The Politics of Dipnetting

The Politics of Dipnetting

Another year; another annual column complaining about management of the second red run in the Kenai River by ADF&G Commfish.  It’s an annual deal, so we might as well enjoy it.

Packed up favorite son and his care provider Monday morning and drove south.  Dodged the forest fire and arrived at the Kenai City Dock around 1130.  On the water an hour later with a couple hundred of my closest friends.  Ran out of gas a few hours later with 13 fish between us.  All in all, not a bad day, though we had to work for the fish.

Problem with this was the Monday opening.  ADF&G commfish had the commercial nets in the water for 36 solid hours with back to back to back emergency orders.  They are pretty good at what they do and not a lot of fish make it into the rivers (Kenai and Kasilof) for personal use, dip netters and sport fishermen.  Reason for the EO’s are predicted record number of reds into the river this year as the run appears to be early and large.

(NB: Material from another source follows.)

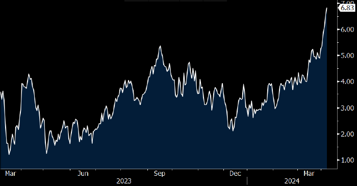 Сила рынка находит отражение в усилении бэквордации (расширении календарных спредов): в частности, 12-месячный спред (декабрь 2024 — декабрь 2025) в нефти Brent достиг многомесячных максимумов чуть ниже $7 за баррель (см. график ниже).

Over the last couple decades, there has been a growing frustration and anger at the ADF&G Kenai commfish shop that appears to prioritize the needs of a couple thousand commercial fishermen in Cook Inlet over those of a hundred thousand of the rest of us who chase salmon with hook, line and dipnets.  The personal use (dip net) fishery has been the quickest growing part of the fishery and their needs and desires have been all but ignored as ADF&G commfish prioritizes the availability of the resource for commercial fishing over all other groups.

When there is a large run, ADF&G has essentially three tools available to control the number of fish up the river.  One is multiple EO’s for commercial fishing.  Another is bumping up the number of fish allowed per day and in possession for sport fishing.  A third is to open dip netting for 24 hours a day.  The first tools is regularly used.  The second one is used on occasion.  The final tool is hardly ever used.

I would propose some new limits on what ADF&G can use to manage fish.  The first limit would be to prohibit any emergency openings that keep commercial nets in the water longer than 12 hours in any 24 hour period of time.  Second would be to require participation of ADF&G sportfish offices in Kenai, Anchorage and the MatSu to participate with a full vote in approving any future EO.

These simple changes would go a long way toward balancing the needs of user communities for Kenai and Kasilof red salmon.

Cook Inlet commercial fishermen have executed a regulatory capture of the resource.  Regulatory capture means that they control the political and regulatory bodies that make decisions about what they do.  You need to look no farther than the ADF&G appointees under the last two governors – both commfish people – to prove that point.

When you have regulatory capture, the solution is always political.  The Republican majority in the legislature has heard complaints about Cook Inlet commercial fishing for decades and has done little.  Indeed, there is significant commercial fishing influence among that majority which means that any legislative solution goes nowhere in committee.

But they need to be careful, as the legislative leadership on the democrat side is skulking around positioning itself to come down strongly on the side of sport and person use salmon fishermen.  Les Gara has been active on the Alaska Outdoor Journal Facebook page.  Bill Wielechoski has been a strong advocate of sport fishing here in Anchorage.

Wouldn’t it be interesting if a democrat led campaign against current management of Cook Inlet salmon returns ends up as a pivot point for the upcoming throw all the bums out election?  Should that happen, the majority will only have themselves to blame as they have heard the complaints for a long, long time and have done nothing about solving the problem.

Alex Gimarc lives in Anchorage since retiring from the military in 1997. His interests include science and technology, environment, energy, economics, military affairs, fishing and disabilities policies. His weekly column “Interesting Items” is a summary of news stories with substantive Alaska-themed topics. He is a small business owner and Information Technology professional.